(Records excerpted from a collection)
+-------+

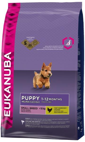 Eukanuba Growing Puppy Small Breed Chicken 3kg - Termékleírás Rengeteg friss csirkehús az igényes kis négylábúaknak: az Eukanuba Growing Puppy Small Breed, Chicken finom ízével és kiegyensúlyozott receptúrájával kényezteti a kölyökkutyákat - tökéletes a mindennapi etetéshez. A száraztáp a kistestű kölyökkutyák táplálkozási igényeihez igazodik. Az Eukanuba Puppy Smal
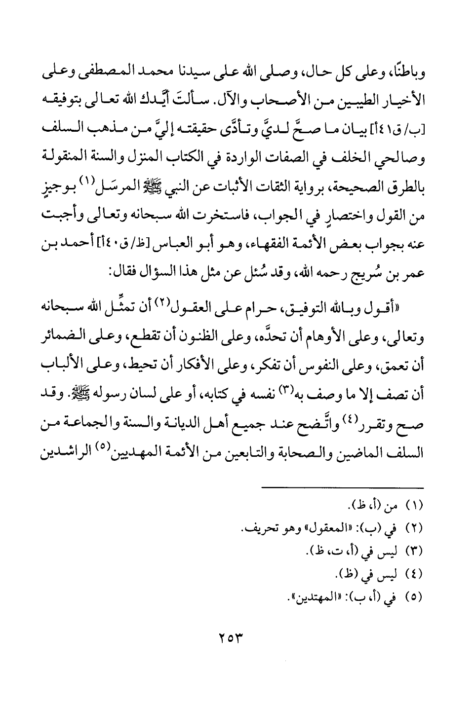 وباطنًا، وعلى كل حال، وصلى الله على سيدنا محمد المصطفى وعلى الأخيار الطيبين من الأصحاب والآل. سألتَ إيَّدك الله تعالى بتوفيقه [ب/ ق 41 أ] بيان ما صحَّ لديَّ وتأدَّى حقيقته إليَّ من مذهب السلف وصالحي الخلف في الصفات الواردة في الكتاب المنزل والسنة المنقولة بالطرق الصحيحة، برواية الثقات الأثبات عن النبي - صلى الله عليه وسلم - المرسَل (¬1) بوجيزٍ من القول واختصارٍ في الجواب، فاستخرت الله سبحانه وتعالى وأجبت عنه بجواب بعض الأئمة الفقهاء، وهو أبو العباس [ظ/ ق 40 أ] أحمد بن عمر بن سُريج رحمه الله، وقد سُئل عن مثل هذا السؤال فقال:
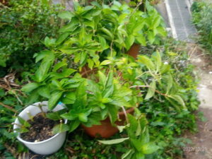 右: Iさんのお宅から分けて頂いた紫陽花の挿し穂、大きいのが今年初めて花を着けて呉れた紫陽花。その挿し穂が二鉢。その向こうに西隣さんから頂いた紫陽花苗があります。ここは東の光も当たりますが、弱く、西の光も木漏れ日なのできっと紫陽花の場所としては適当なのかな。
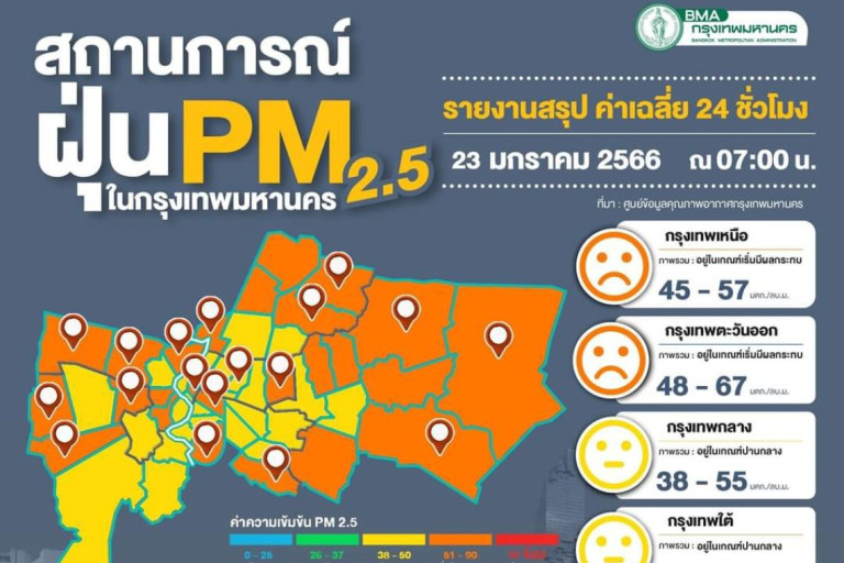 ศูนย์ข้อมูลคุณภาพอากาศกรุงเทพมหานครขอรายงานสถานการณ์ฝุ่นละอองขนาดไม่เกิน 2.5 ไมครอน (PM 2.5) ของสถานีตรวจวัดคุณภาพอากาศของกรุงเทพมหานคร ประจำวันจันทร์ที่ 23 มกราคม พ.ศ. 2566 เวลา 07.00 น. ค่าเฉลี่ย 24 ชั่วโมง ของฝุ่นละอองขนาดไม่เกิน 2.5 ไมครอน (PM2.5) ตรวจวัดได้ 34-68 ไมโครกรัม/ลูกบาศก์เมตร(มคก./ลบ.ม.) พบว่าเกินมาตรฐาน (มาตรฐานไม่เกิน 50 มคก./ลบ.ม.) จำนวน 29 พื้นที่ คือ
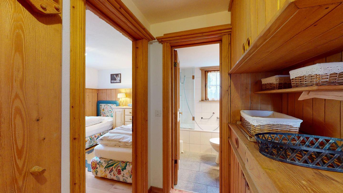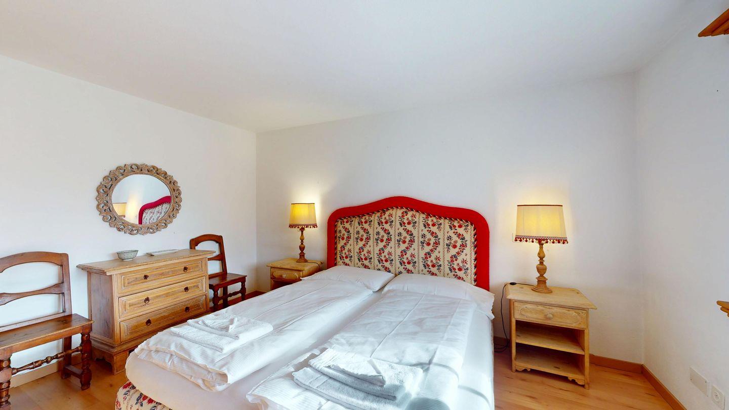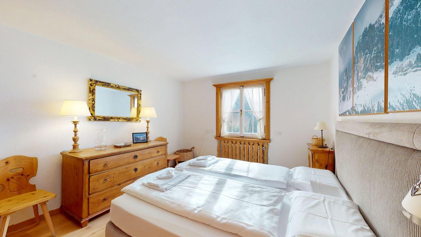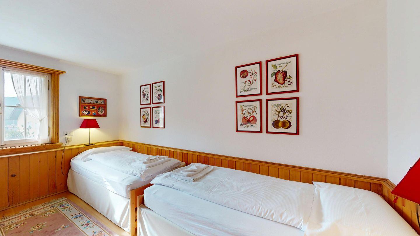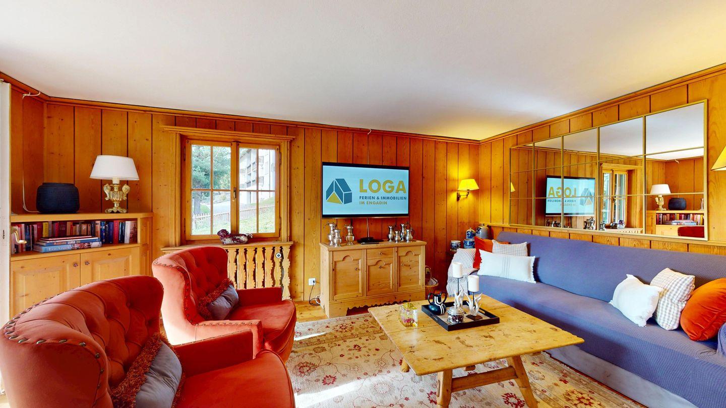 6-Zimmerwohnung im Erdgeschoss. Entree mit Garderobe. Wohn-/ Esszimmer mit Terrasse und Bergsicht, separate Küche mit Backofen, Kühlschrank, Chicco d'Oro Kaffeemaschine und Geschirrspülmaschine. Zwei Schlafzimmer mit je einem Doppelbett. Zwei Zimmer mit je zwei Einzelbetten. Ein Zimmer mit zwei Kinderbetten. Drei Badezimmer mit Badewanne/WC/Lavabo. TV und Internet. Holzböden im Schlaf- und Wohnzimmer. Garagenbox für ein Fahrzeug. Garage für ein Fahrzeug. Aussenparkplatz vor der Box. Ski und Skischuhe können im Skiraum oder in der Garage deponiert werden. Nichtraucherwohnung. Haustiere sind nicht erlaubt.

+-------+

Aim of the exercise ::
All that is wanted is the lines above between the one containing "وباطنًا، وعلى كل" and the one containing "29 พื้นที่ คือ", inclusive, restated word for word, with pictures omitted.

Exercise output ::
 وباطنًا، وعلى كل حال، وصلى الله على سيدنا محمد المصطفى وعلى الأخيار الطيبين من الأصحاب والآل. سألتَ إيَّدك الله تعالى بتوفيقه [ب/ ق 41 أ] بيان ما صحَّ لديَّ وتأدَّى حقيقته إليَّ من مذهب السلف وصالحي الخلف في الصفات الواردة في الكتاب المنزل والسنة المنقولة بالطرق الصحيحة، برواية الثقات الأثبات عن النبي - صلى الله عليه وسلم - المرسَل (¬1) بوجيزٍ من القول واختصارٍ في الجواب، فاستخرت الله سبحانه وتعالى وأجبت عنه بجواب بعض الأئمة الفقهاء، وهو أبو العباس [ظ/ ق 40 أ] أحمد بن عمر بن سُريج رحمه الله، وقد سُئل عن مثل هذا السؤال فقال:
 右: Iさんのお宅から分けて頂いた紫陽花の挿し穂、大きいのが今年初めて花を着けて呉れた紫陽花。その挿し穂が二鉢。その向こうに西隣さんから頂いた紫陽花苗があります。ここは東の光も当たりますが、弱く、西の光も木漏れ日なのできっと紫陽花の場所としては適当なのかな。
 ศูนย์ข้อมูลคุณภาพอากาศกรุงเทพมหานครขอรายงานสถานการณ์ฝุ่นละอองขนาดไม่เกิน 2.5 ไมครอน (PM 2.5) ของสถานีตรวจวัดคุณภาพอากาศของกรุงเทพมหานคร ประจำวันจันทร์ที่ 23 มกราคม พ.ศ. 2566 เวลา 07.00 น. ค่าเฉลี่ย 24 ชั่วโมง ของฝุ่นละอองขนาดไม่เกิน 2.5 ไมครอน (PM2.5) ตรวจวัดได้ 34-68 ไมโครกรัม/ลูกบาศก์เมตร(มคก./ลบ.ม.) พบว่าเกินมาตรฐาน (มาตรฐานไม่เกิน 50 มคก./ลบ.ม.) จำนวน 29 พื้นที่ คือ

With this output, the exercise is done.